§ **Exercise instructions**
Somewhere below are a line with "- Площадь - 35.10 м²" and a later line with "This table offers". Output exactly those lines and all lines between them.

§ **Records for processing**
= = = = =
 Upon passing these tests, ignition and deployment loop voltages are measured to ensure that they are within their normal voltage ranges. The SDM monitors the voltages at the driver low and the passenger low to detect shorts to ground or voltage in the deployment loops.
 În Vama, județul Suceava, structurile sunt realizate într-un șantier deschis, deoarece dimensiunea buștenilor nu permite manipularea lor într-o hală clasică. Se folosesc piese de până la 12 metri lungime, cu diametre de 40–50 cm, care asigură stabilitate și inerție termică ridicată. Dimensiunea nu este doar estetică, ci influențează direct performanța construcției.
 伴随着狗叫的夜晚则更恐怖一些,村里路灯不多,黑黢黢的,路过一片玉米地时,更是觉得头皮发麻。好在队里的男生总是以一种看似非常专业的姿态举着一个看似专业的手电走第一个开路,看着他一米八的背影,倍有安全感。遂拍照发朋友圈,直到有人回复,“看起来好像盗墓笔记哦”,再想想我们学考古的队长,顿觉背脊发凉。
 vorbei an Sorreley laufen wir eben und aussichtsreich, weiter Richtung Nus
= = = = =
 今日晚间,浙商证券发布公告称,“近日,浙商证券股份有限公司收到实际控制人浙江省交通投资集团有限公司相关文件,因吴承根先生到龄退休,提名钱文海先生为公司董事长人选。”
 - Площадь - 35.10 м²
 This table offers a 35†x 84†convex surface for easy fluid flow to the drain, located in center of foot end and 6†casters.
= = = = =
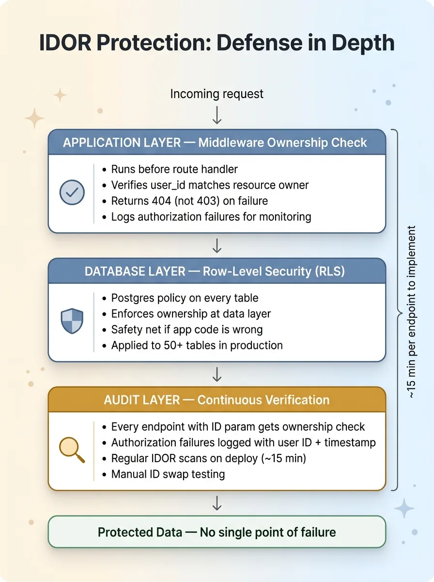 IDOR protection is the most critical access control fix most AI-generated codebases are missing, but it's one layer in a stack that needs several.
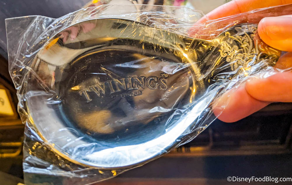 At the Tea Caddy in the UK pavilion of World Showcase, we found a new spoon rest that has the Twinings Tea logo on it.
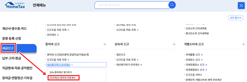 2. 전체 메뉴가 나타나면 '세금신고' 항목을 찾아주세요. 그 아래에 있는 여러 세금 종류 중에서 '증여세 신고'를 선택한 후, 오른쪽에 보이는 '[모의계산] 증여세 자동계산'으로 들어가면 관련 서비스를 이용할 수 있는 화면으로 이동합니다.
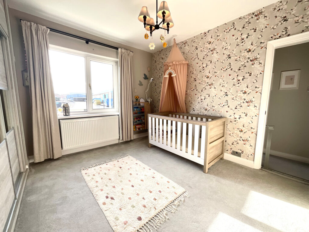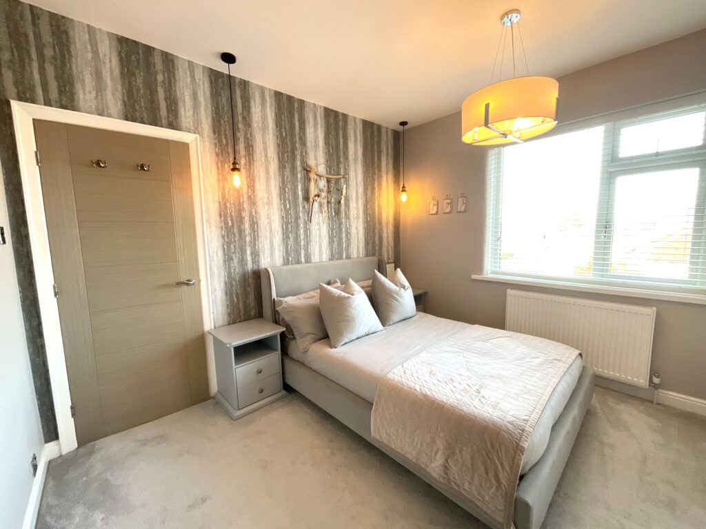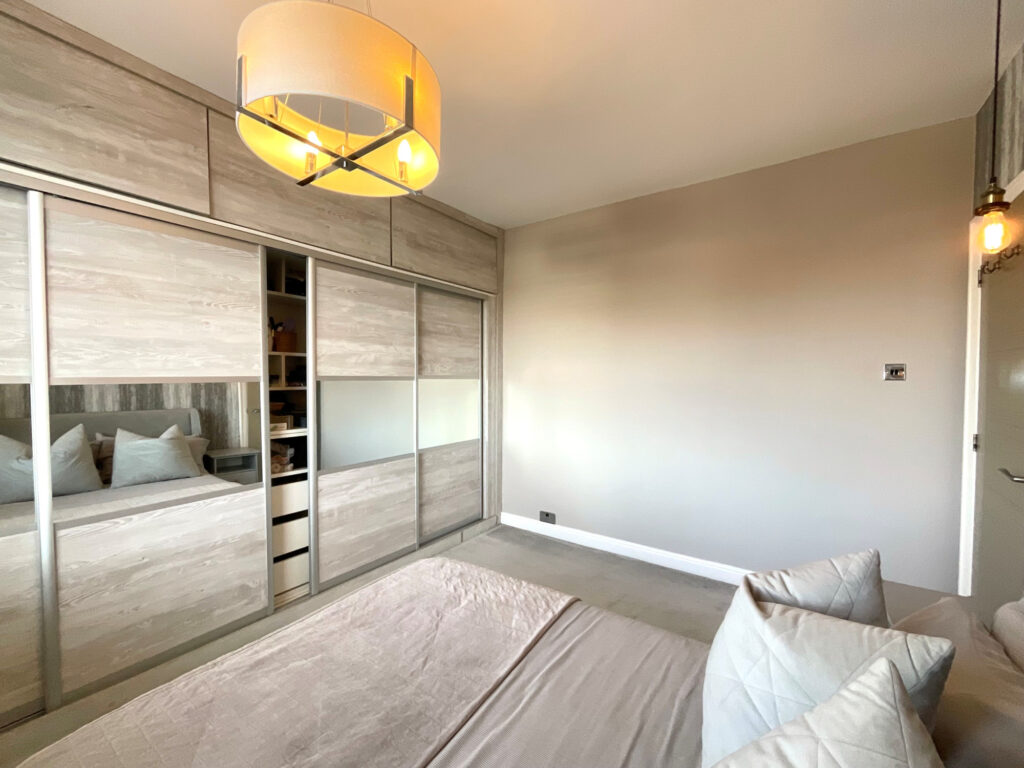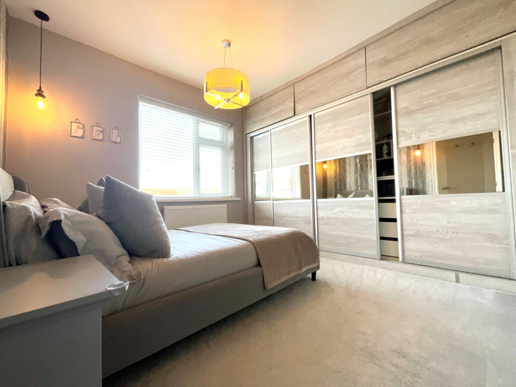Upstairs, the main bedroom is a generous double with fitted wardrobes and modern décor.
= = = = =
§ **Response area**
 - Площадь - 35.10 м²
 This table offers a 35†x 84†convex surface for easy fluid flow to the drain, located in center of foot end and 6†casters.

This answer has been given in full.